For much of the 20th century, Beirut served as a battleground for a string of conflicts that ravaged the country. On several occasions, the museum doubled as barracks. It is an aspect of Beirut’s history that many would rather forget. For instance, there is no public record of the vanished and damaged artworks. Under–Writing Beirut – Mathaf (2013), the major work and conceptual core of Joreige’s exhibition, questions this kind of inaccessibility and selective memory.

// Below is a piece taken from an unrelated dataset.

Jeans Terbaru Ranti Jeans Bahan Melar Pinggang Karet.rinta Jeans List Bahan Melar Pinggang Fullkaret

This multimedia, multi-part piece spans the length of the gallery, mapping the site of the museum and its historical underpinnings with a diverse range of text, images, and objects. At a glance, the installation reads as a history museum display of artifacts that explore the unique character or transformation of a city. At close range Under–Writing Beirut – Mathaf surfaces as an anthropological and psychological study of the lingering aftershocks of conflict.

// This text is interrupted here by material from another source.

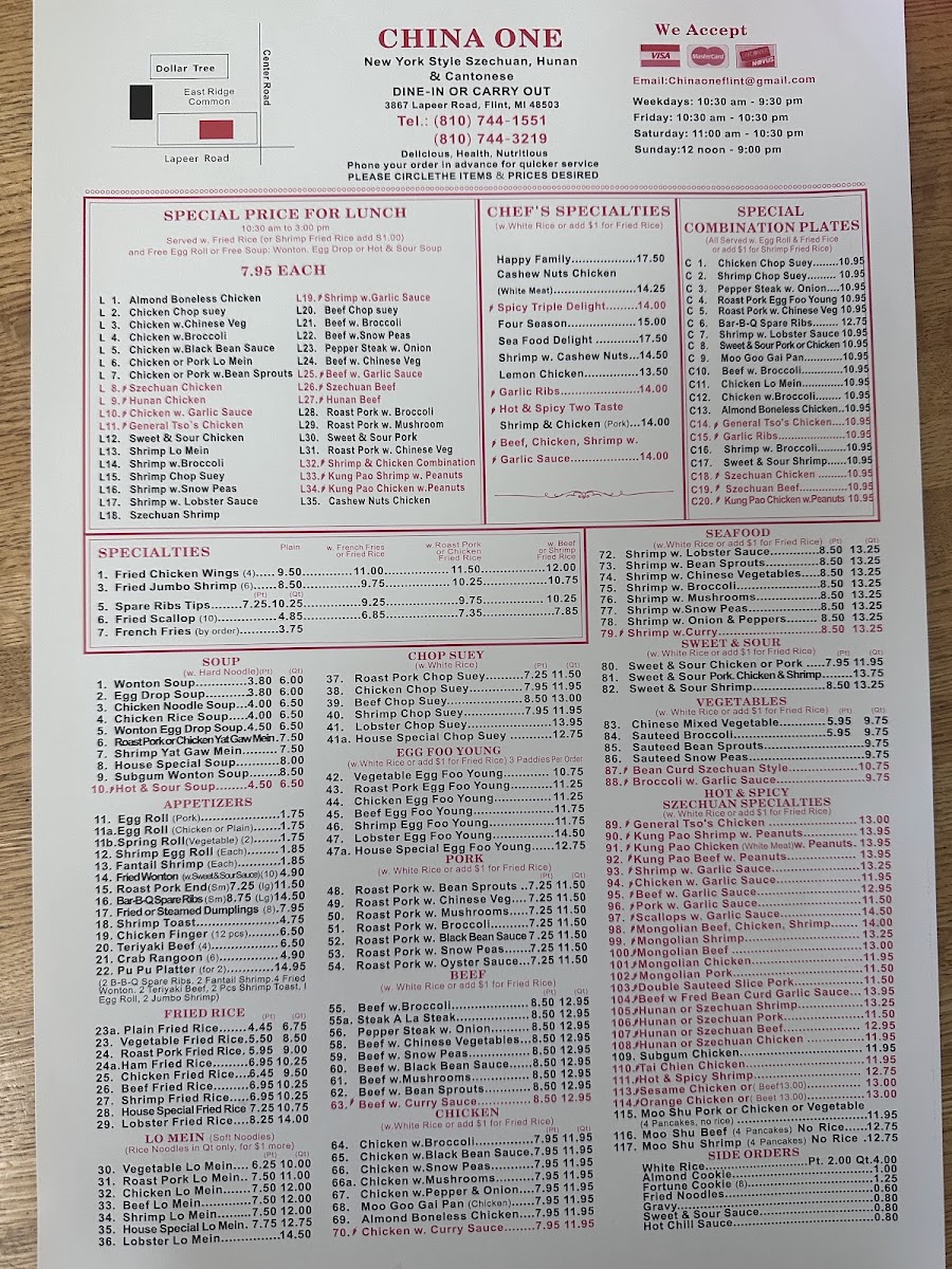 "China 1, located at 3867 Lapeer Rd Flint, MI 48503, offers a diverse menu with a range of authentic Chinese dishes. From appetizers like Egg Rolls and Shrimp Toast to Chef's Specialties like Happy Family and Seafood Delight, there is something for everyone. Customers rave about the quality and affordability of the food, with reviews praising dishes like Chicken Wings, Lo Mein, and Hot and Sour Soup. The restaurant also caters to specific preferences, as seen in a review where the owner accommodated a request for egg rolls without pork. While some customers mention minor issues like the need for more flavor in the fried rice or adjustments to ingredient ratios in dishes like Mongolian Beef, overall, China 1 seems to be a go-to spot for delicious Chinese takeout."

A series of three small photographs depicting a large, jagged hole in the museum’s Good Shepherd Mosaic feels like the crux of the installation. The hole was made by a wartime sniper in need of a lookout point, and these were some of the only images the museum would release when Joreige asked for information on damaged artworks. Inspired by these photographs, Joreige imagines the size of the sniper’s opening and his view of the city in a sculpture and video, respectively. The scale of the hole in the sculptural relief is intentionally imprecise, and the street scene in the video is contemporary. Here, Joreige uses inaccuracy and anachronism to highlight the passage of time and malleability of memory.
Joreige further combines fact and fiction in two works that center on the museum’s inventory. The wallpaper-scale piece All the objects from the national museum, visible on December 15, 2012 (2013) accurately lists what the title describes. As a pointed, cheeky foil, Objects Missing from the National Museum of Beirut (2013) is a fictional book that might contain the information that the museum refused to release. To drive home her point, Joreige closes the book and covers it with a glass case.
A series of large photograms, each about the height of a human, populates the other side of the gallery. The images depict Joreige sleeping on a wooden board, but more closely resemble ghostly figures fading in and out of some liminal space—a void of time and place. These works, all titled One Night of Sleep (2013), act as both a universal and extremely personal counterpoint to Under–Writing Beirut – Mathaf. While the exhibition text tells us that this is Joreige’s body, it could be anyone, anywhere in the world, trying to close the gaps between past, present, and future.

Taymour Grahne will present a postscript to the exhibition in The Armory Show’s Focus section. The booth will include works from Joreige’s “One Night of Sleep” series alongside recent work by Fayçal Baghriche, an Algerian conceptual artist based in Paris.
“Lamia Joreige: Records for Uncertain Times” is on view at Taymour Grahne, New York, Feb. 26–Apr. 9, 2015.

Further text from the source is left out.